Возможно, именно в этом была их цель. Возможно, такова была их профессия. Похоже, все они могли кого угодно заставить делать то, что им нужно. Они управляли людьми. Что ж, таким навыком обзавестись было неплохо.
– Но недостаточно только завоевывать своих врагов. Для того чтобы ими управлять, ты должна научиться соблазнять их.
– Считай меня своей ученицей, – сказала я и позволила Адеру увести меня в его спальню.

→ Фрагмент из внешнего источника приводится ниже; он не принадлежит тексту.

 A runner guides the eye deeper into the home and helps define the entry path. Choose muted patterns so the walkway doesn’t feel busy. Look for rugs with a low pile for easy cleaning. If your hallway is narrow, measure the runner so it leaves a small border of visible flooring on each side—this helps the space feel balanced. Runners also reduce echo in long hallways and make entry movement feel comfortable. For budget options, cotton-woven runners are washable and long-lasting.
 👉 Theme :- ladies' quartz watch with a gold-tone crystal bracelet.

– Ты не пожалеешь об этом, – пообещал он.
Глава 27
Вот так началось мое обучение искусству соблазнения. Все происходило по ночам в постели Адера. Он твердо вознамерился доказать мне, что я достойна мужского внимания. Мы продолжали посещать званые вечера, где он очаровывал бостонцев, но домой он всегда возвращался рука об руку со мной и каждую ночь ложился со мной в постель. Он баловал меня и дарил мне все, чего я хотела. Мне сшили красивое нижнее белье, корсеты (хотя корсеты мне были не так уж нужны) и лифы из шелка разных цветов, украшенные лентами. Подвязки с отделкой из крошечных шелковых розочек. Все это приводило в восторг Адера, когда он меня раздевал. Я посвятила себя тому, чтобы стать его золотой розой.

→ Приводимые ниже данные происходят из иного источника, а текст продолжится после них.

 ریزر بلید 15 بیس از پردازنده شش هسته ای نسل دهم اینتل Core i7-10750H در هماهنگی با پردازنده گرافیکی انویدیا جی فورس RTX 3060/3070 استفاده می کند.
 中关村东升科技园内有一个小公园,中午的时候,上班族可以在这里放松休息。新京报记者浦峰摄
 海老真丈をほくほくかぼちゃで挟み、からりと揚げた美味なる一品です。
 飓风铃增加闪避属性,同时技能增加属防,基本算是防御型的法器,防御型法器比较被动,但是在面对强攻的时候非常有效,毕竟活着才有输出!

Я бы солгала, если бы сказала, что в ту пору не думала о Джонатане. Он был моим первым любовником, в конце концов. И все же я пыталась убить любовь к нему, вспоминая о том нехорошем, что было между нами, о том, как он порой больно ранил меня. Я вспоминала, как узнавала о его похождениях с очередной девушкой. Вспоминала, как стояла рядом с ним на холме, и мы смотрели вниз, на кладбище, где хоронили Софию, и я знала, что он думает о ней. Вспоминала, как он целовал Евангелину на глазах у всей общины буквально через несколько минут после того, как я рассказала ему о своей беременности. Я пыталась смотреть на свою любовь к Джонатану как на болезнь, как на лихорадку, от которой воспалились мое сердце и мозг. Эти неприятные воспоминания становились для меня лекарством.

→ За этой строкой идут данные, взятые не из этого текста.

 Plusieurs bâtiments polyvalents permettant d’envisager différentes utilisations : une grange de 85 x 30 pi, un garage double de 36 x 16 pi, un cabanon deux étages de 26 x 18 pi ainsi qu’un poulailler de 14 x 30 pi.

Внимание моего нового любовника помогало мне выздоравливать. Когда я сравнивала этих двоих мужчин, мне казалось, что с Джонатаном я была так счастлива, что готова была умереть от счастья. Я почти забывала о собственном теле. Оказываясь в его объятиях, я словно бы парила в небесах. Это был полный восторг. С Адером все сводилось к чистой чувственности, к потребностям плоти, к возможности унять телесный голод. В то время я побаивалась этого голода, пробужденного во мне Адером. Я купалась в похоти, а Адер не укорял меня за распутство. Его, похоже, радовало то, какой я становлюсь.
Однажды ночью он сказал мне об этом после наших любовных утех, раскурив кальян.
– Судя по всему, у тебя врожденный талант к любовным радостям, – проговорил он, нагло усмехаясь. – Я бы даже сказал, что ты наслаждаешься своими приключениями в спальне. Ты сделала все, о чем я тебя просил, не так ли? И ничто из того, что делал я, тебя не напугало?
Я покачала головой. Адер продолжал:
– Если так, то пора расширить твой опыт, поскольку искусство любви таково, что чем больше у тебя опытных любовников, тем искуснее ты становишься. Ты меня понимаешь?
Я настороженно нахмурилась. Я почувствовала, что он к чему-то клонит. Может быть, он уже устал от меня? Может быть, наша близость была иллюзией?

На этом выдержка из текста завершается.